(Entries taken from a collection)

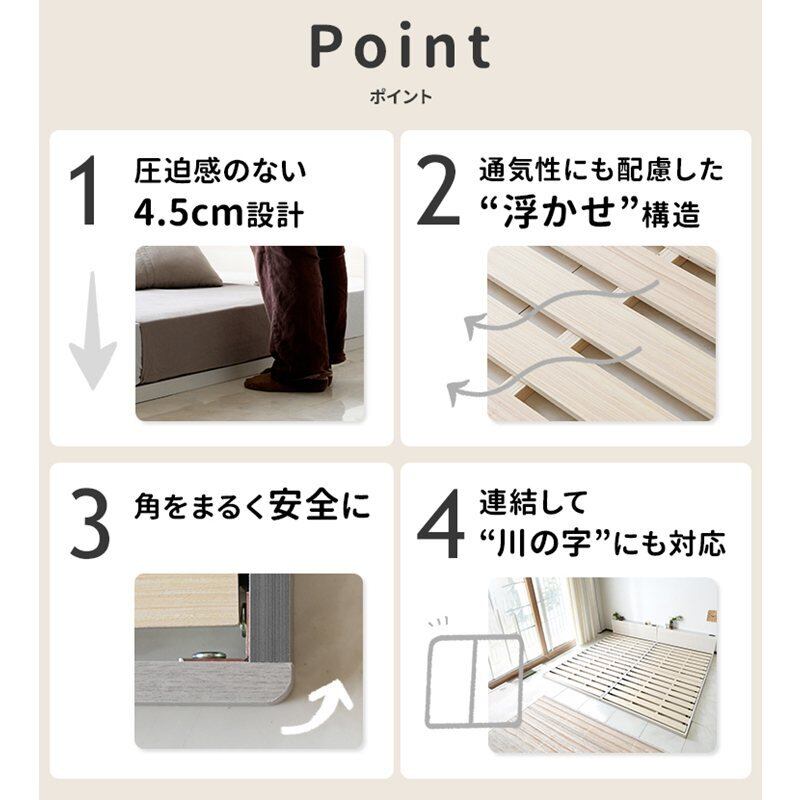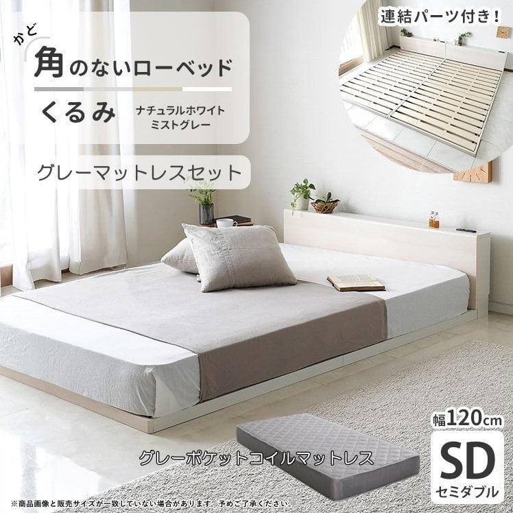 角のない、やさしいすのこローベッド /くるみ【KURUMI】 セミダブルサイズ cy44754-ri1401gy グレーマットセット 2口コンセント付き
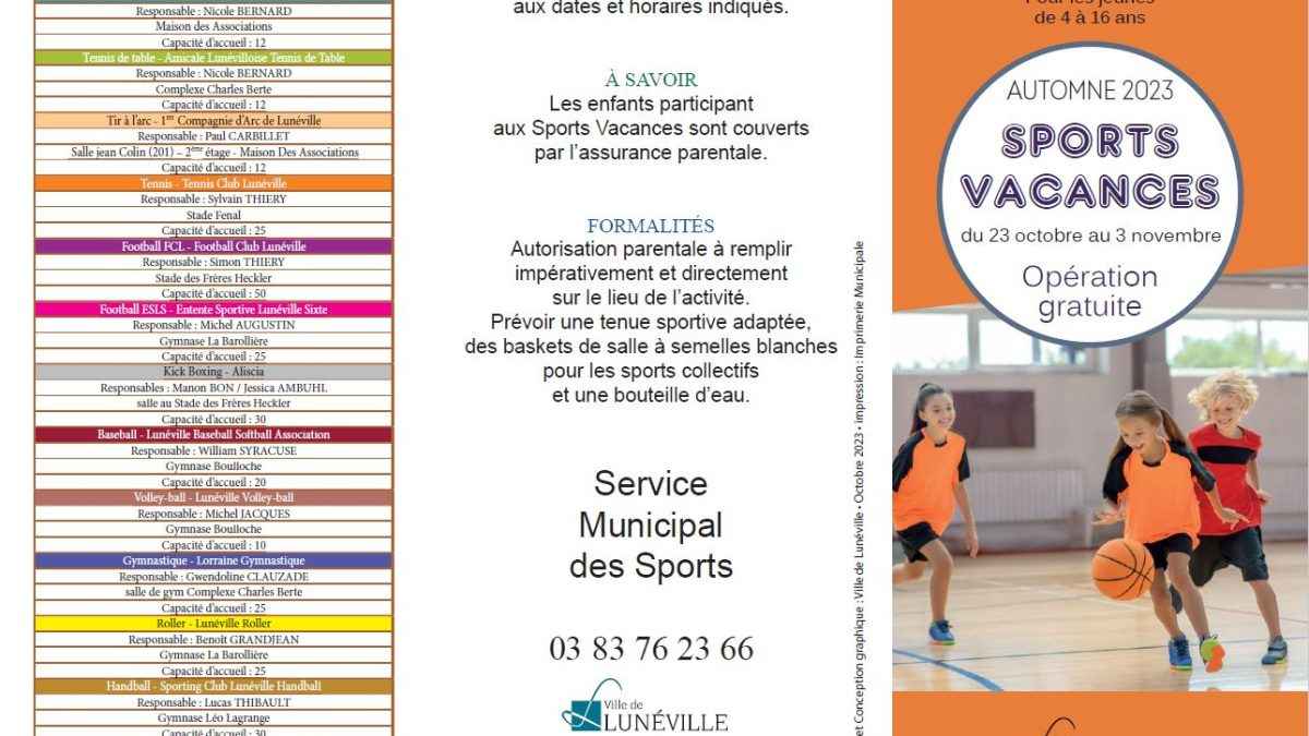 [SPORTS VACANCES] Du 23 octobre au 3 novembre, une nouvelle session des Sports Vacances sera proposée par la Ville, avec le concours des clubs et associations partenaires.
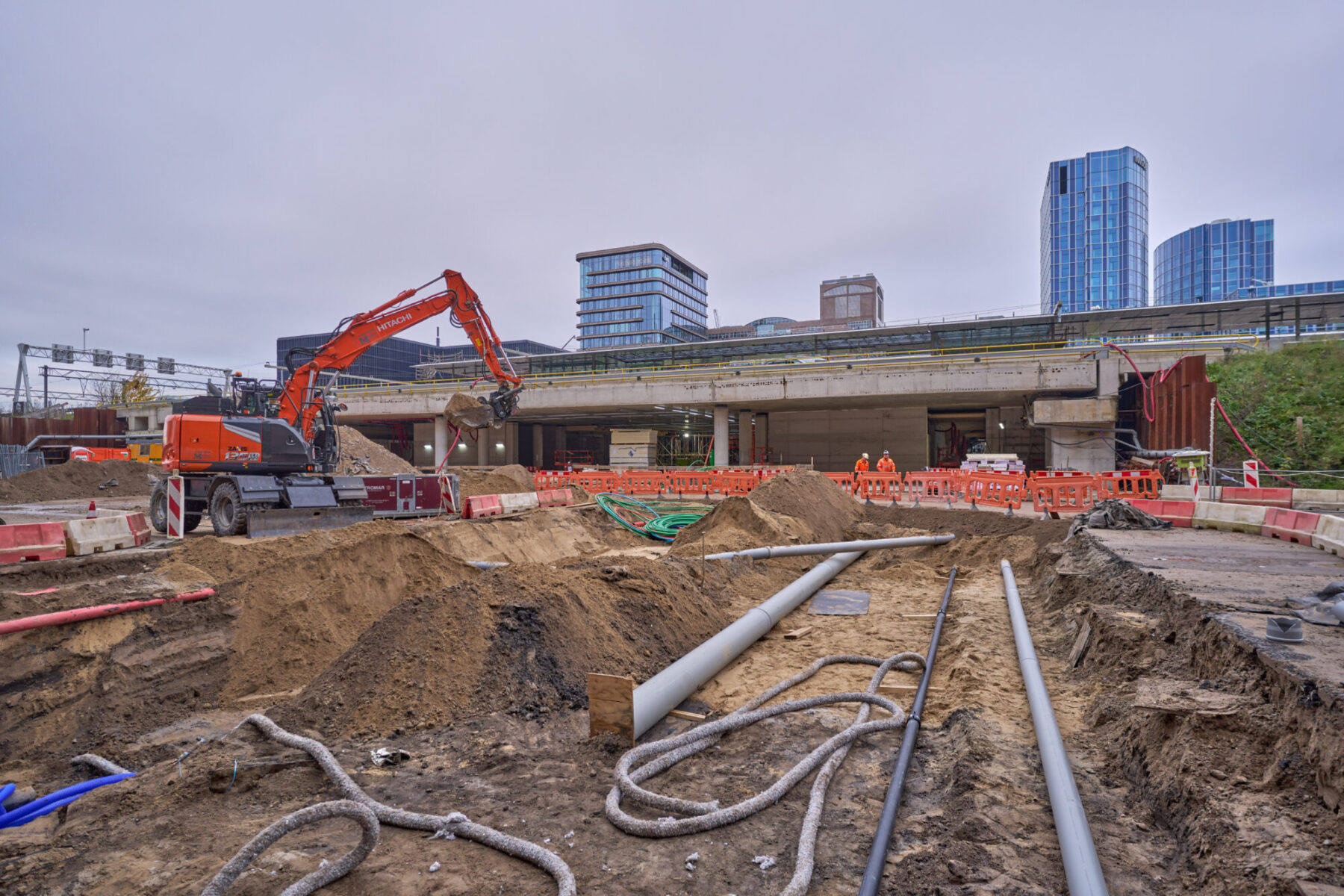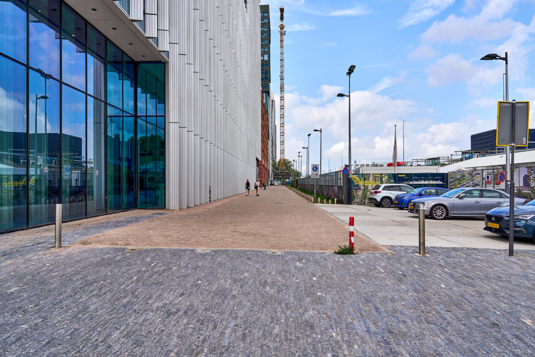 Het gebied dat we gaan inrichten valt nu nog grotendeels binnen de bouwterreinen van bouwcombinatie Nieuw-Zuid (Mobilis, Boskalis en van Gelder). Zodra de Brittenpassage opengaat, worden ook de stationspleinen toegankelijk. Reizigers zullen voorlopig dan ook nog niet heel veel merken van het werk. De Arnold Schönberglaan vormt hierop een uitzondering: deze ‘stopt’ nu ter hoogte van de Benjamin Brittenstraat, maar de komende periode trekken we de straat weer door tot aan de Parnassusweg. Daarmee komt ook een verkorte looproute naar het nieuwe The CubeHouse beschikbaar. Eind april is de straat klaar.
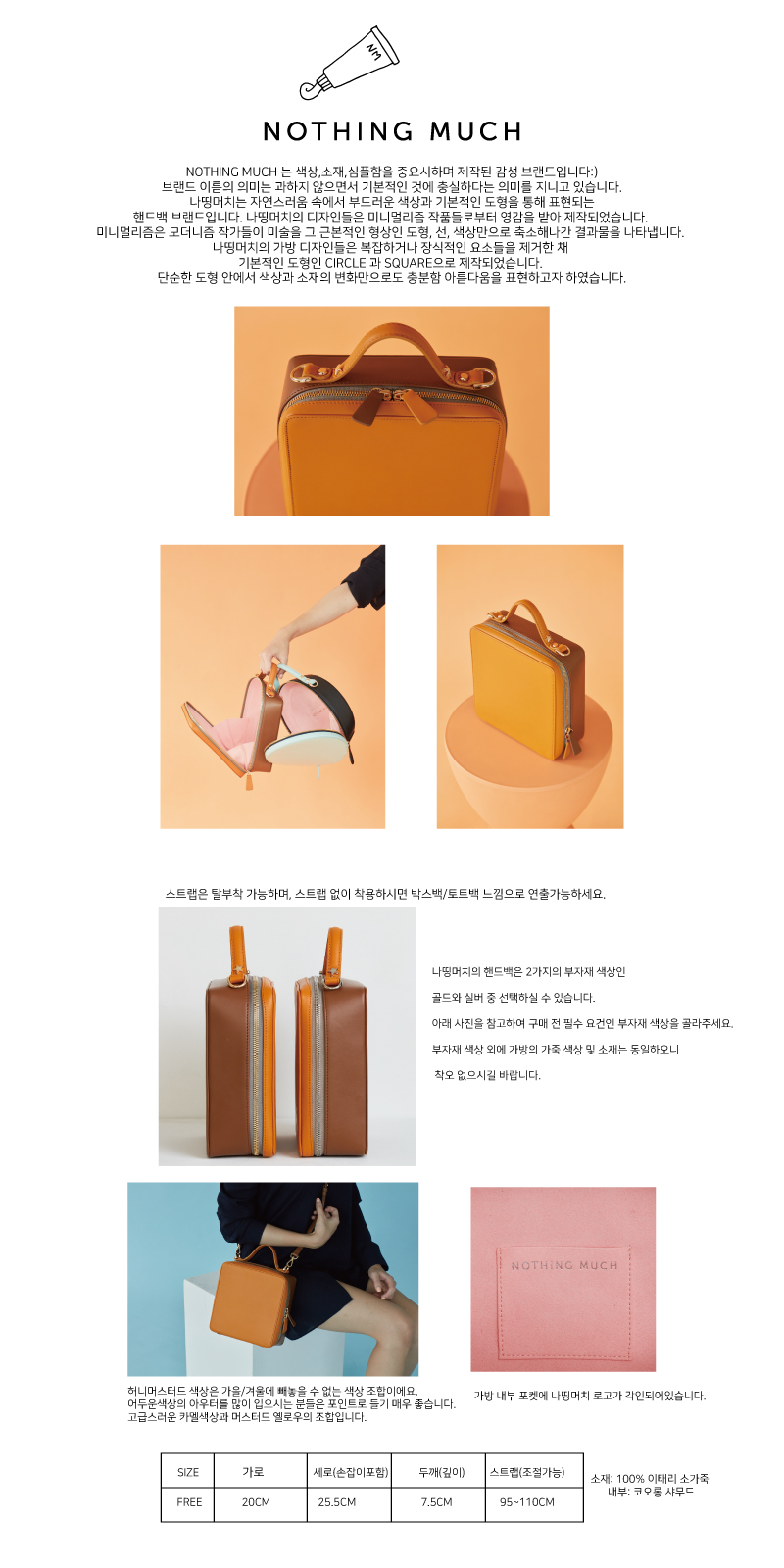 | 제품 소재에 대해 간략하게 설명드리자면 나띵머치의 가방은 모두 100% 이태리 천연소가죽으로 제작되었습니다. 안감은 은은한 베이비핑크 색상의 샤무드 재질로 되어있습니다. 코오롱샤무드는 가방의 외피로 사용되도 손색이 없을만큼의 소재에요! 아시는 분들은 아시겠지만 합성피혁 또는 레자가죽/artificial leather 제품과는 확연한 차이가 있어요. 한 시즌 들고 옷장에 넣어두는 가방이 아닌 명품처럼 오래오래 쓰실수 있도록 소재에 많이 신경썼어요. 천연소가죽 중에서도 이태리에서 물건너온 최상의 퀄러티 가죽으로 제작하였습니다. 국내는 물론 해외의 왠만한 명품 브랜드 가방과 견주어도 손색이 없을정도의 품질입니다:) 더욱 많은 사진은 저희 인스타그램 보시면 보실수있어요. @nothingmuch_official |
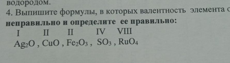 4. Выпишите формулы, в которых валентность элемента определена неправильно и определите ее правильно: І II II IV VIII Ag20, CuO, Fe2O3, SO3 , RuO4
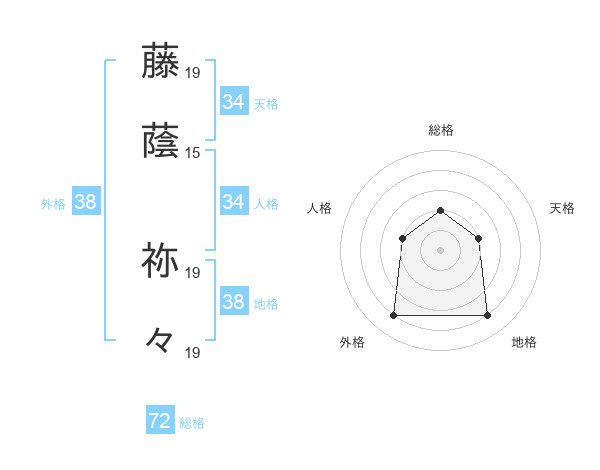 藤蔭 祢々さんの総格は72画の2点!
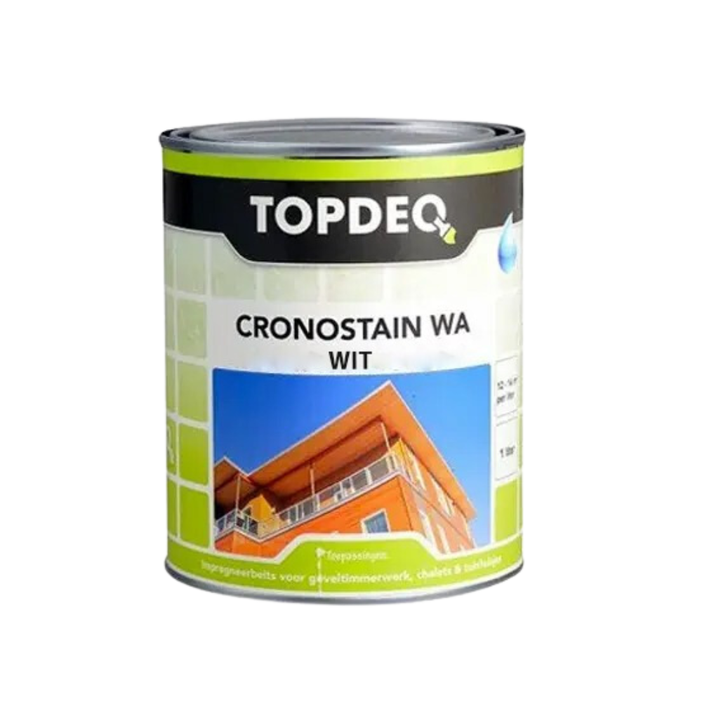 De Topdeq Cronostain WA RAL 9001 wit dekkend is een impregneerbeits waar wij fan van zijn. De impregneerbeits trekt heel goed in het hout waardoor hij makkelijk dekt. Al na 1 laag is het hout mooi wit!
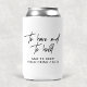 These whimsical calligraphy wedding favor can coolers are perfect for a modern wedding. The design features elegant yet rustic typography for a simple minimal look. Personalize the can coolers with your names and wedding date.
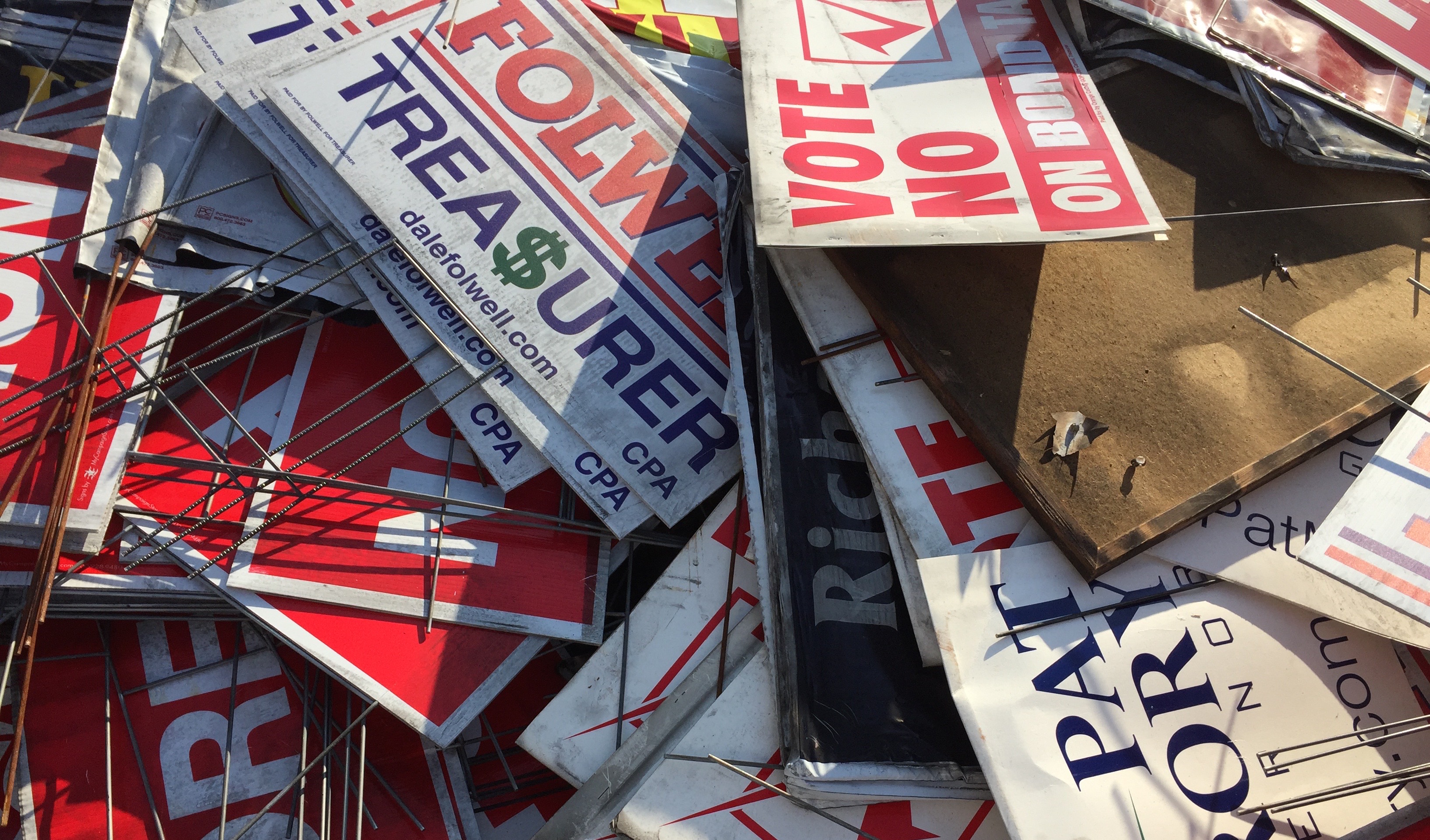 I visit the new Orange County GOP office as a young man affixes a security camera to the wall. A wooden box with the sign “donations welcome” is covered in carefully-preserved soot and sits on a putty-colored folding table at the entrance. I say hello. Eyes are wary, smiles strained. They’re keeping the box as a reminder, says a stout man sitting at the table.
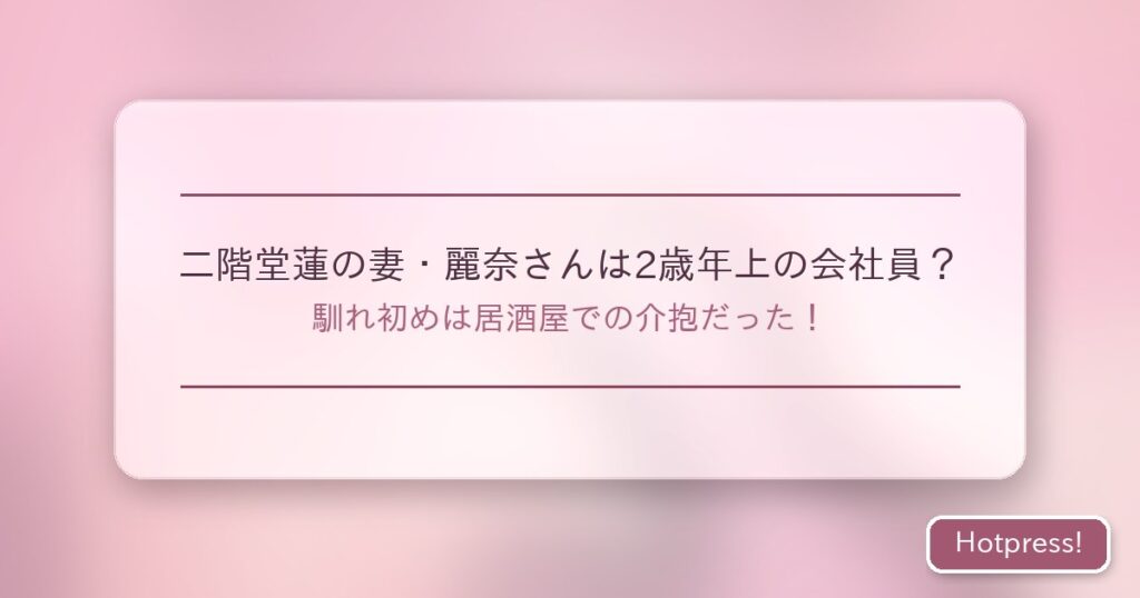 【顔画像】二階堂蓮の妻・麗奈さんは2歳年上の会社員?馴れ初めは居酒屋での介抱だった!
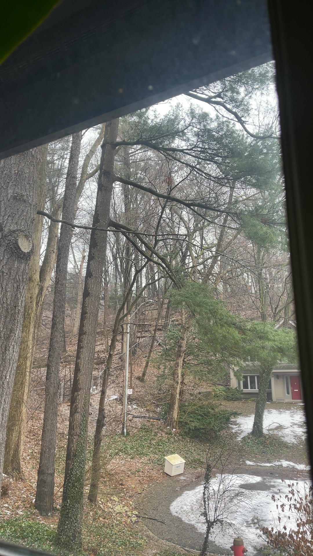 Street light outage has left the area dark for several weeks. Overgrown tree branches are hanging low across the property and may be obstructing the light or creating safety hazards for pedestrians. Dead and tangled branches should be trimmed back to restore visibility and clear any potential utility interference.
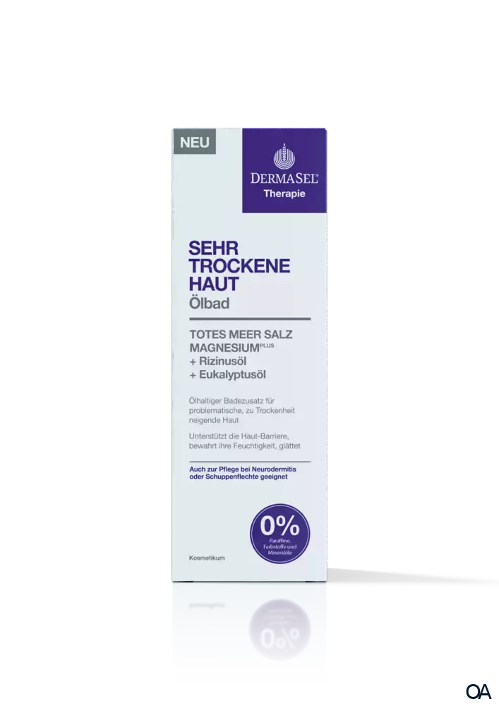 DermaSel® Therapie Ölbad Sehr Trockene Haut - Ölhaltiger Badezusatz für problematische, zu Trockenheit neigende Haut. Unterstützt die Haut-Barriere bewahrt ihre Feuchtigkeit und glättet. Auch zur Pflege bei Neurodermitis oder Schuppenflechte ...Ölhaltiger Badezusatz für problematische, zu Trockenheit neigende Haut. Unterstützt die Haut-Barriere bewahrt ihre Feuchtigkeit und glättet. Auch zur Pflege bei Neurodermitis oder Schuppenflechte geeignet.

◆ Task brief
Print exactly the first line of the entries and every line after it through the one that contains "[SPORTS VACANCES] Du", leaving the pictures out.

◆ Solution to this exercise
 角のない、やさしいすのこローベッド /くるみ【KURUMI】 セミダブルサイズ cy44754-ri1401gy グレーマットセット 2口コンセント付き
 [SPORTS VACANCES] Du 23 octobre au 3 novembre, une nouvelle session des Sports Vacances sera proposée par la Ville, avec le concours des clubs et associations partenaires.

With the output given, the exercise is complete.